9. Supportive shoes, vitamin B12, and daily strength training for hands and feet really helped. I also used this Hand/Feet Grip Strength Exerciser Kit. When it became too difficult to type, I used the voice to text on my computer to continue working. Occasional pedicures were a nice treat and helpful too! –Raegan Downing

10. I'm 10 years out and my feet, toes, and calves are still numb. Lyrica® has helped along with Voltaren gel. Nights are difficult: After being on my feet for most of the day, when I sit down, the burning sensation starts. Also, Biofreeze is awesome. –Pam Allen

Additional Tips for Dealing with Neuropathy

Looking for additional ideas? OOmega Chukka can help you feel like you are walking on a cloud, especially when your feet are super sensitive.

The med massager foot massager feels like a foot massage without someone actually massaging your feet. This is a great gift for someone you love who struggles with neuropathy. It helps to make life less painful.

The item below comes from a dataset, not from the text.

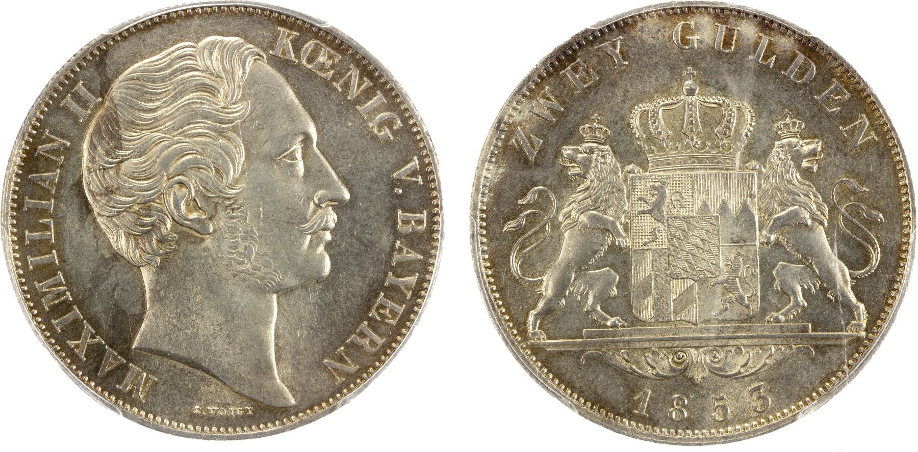 BAVARIA: Maximilian II, 1848-1864, AR 2 gulden, 1853, PCGS MS62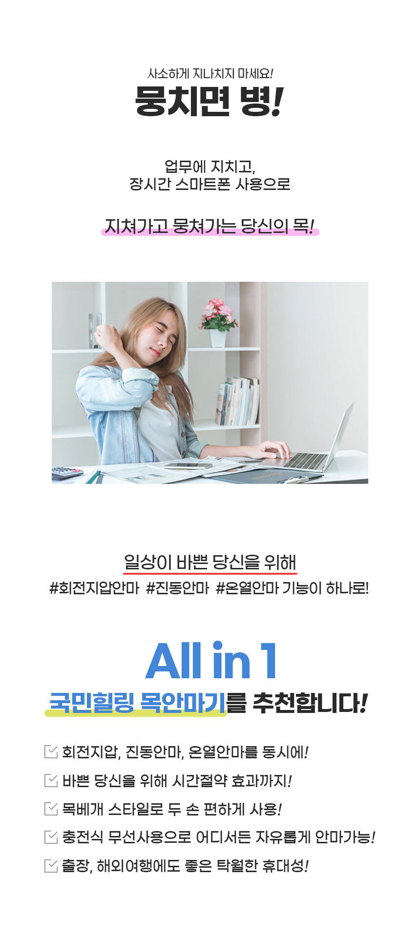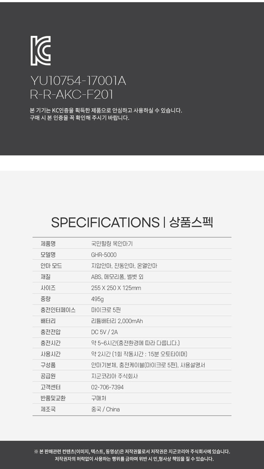 지군 국민힐링 목안마기 진동 지압 온열 GHR-5000 선물용 목마사지기 이미지/

To Learn More About Neuropathy

Please check out Fight CRC Side Effects Mini Magazine and a recently posted neuropathy blog for more tips and information on dealing with neuropathy.

4 thoughts on “Cancer Survivors’ 10 Tips for Dealing with Neuropathy

  1. Stage IIIC colorectal cancer with chemo/radiation/surgery. The radiation and surgery disrupt the pelvic floor. Physical Therapy designed specifically for the pelvic floor helped my peripheral neuropathy as well as sciatic pain and branches of that nerve. I was able to eliminate pain meds. Kegels may not be the answer because the pelvic floor could be too tight combatting pain. A professional evaluation should be done.

  2. Omg I’m reading this an crying. I’m not alone. My doctor said she doesn’t know what it is and I have been so worried. I have this up to my knees and also fingers. And I am a survivor of colorectal cancer. It is real. I’m not going mad. Thank you.

    1. Hi Addie, You are not alone. Neuropathy is real, and you are not going mad. We hope that some of these tips survivors shared are able to help you ease neuropathy symptoms.